Common object counting in a natural scene is a challenging problem in computer vision with numerous real-world applications. Existing image-level supervised common object counting approaches only predict the global object count and rely on additional instance-level supervision to also determine object locations. We propose an image-level supervised approach that provides both the global object count and the spatial distribution of object instances by constructing an object category density map. Motivated by psychological studies, we further reduce image-level supervision using a limited object count information (up to four). To the best of our knowledge, we are the first to propose image-level supervised density map estimation for common object counting and demonstrate its effectiveness in image-level supervised instance segmentation.

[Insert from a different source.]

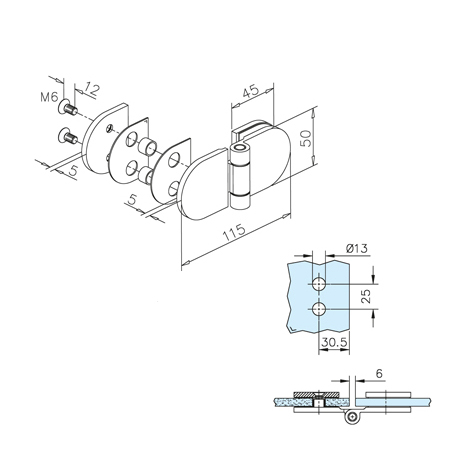 Glasdeurscharnier, glas/glas voor glasdikte 6 - 10 mm - Chroom design.
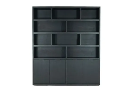 Boekenkast Established van het merk Van Dijk Furniture is verkrijgbaar in verschillende kleuren 100% massief eikenhout. Eikenhout leeft en geeft hierdoor karakter aan jouw meubelstuk. Daarnaast is elk stuk uniek door de nerven en noesten. Deze kast heeft vier deuren en tien openvakken. Veel display en opbergmogelijkheden dus! De open vakken hebben verschillende afmetingen en zijn als een baksteen motief geplaatst. Dit zorgt voor een speelser uiterlijk. De kast is ook verkrijgbaar met LED-verlichting, dit is optioneel.

Comprehensive experiments are performed on the PASCAL VOC and COCO datasets. Our approach outperforms existing methods, including those using instance-level supervision, on both datasets for common object counting. Moreover, our approach improves state-of-the-art image-level supervised instance segmentation with a relative gain of 17.8% in terms of average best overlap, on the PASCAL VOC 2012 dataset.

[1]  G. Mandler,et al.  Subitizing: an analysis of its component processes. , 1982, Journal of experimental psychology. General.

[2]  E. J. Capaldi,et al.  The Development of numerical competence : animal and human models , 1993 .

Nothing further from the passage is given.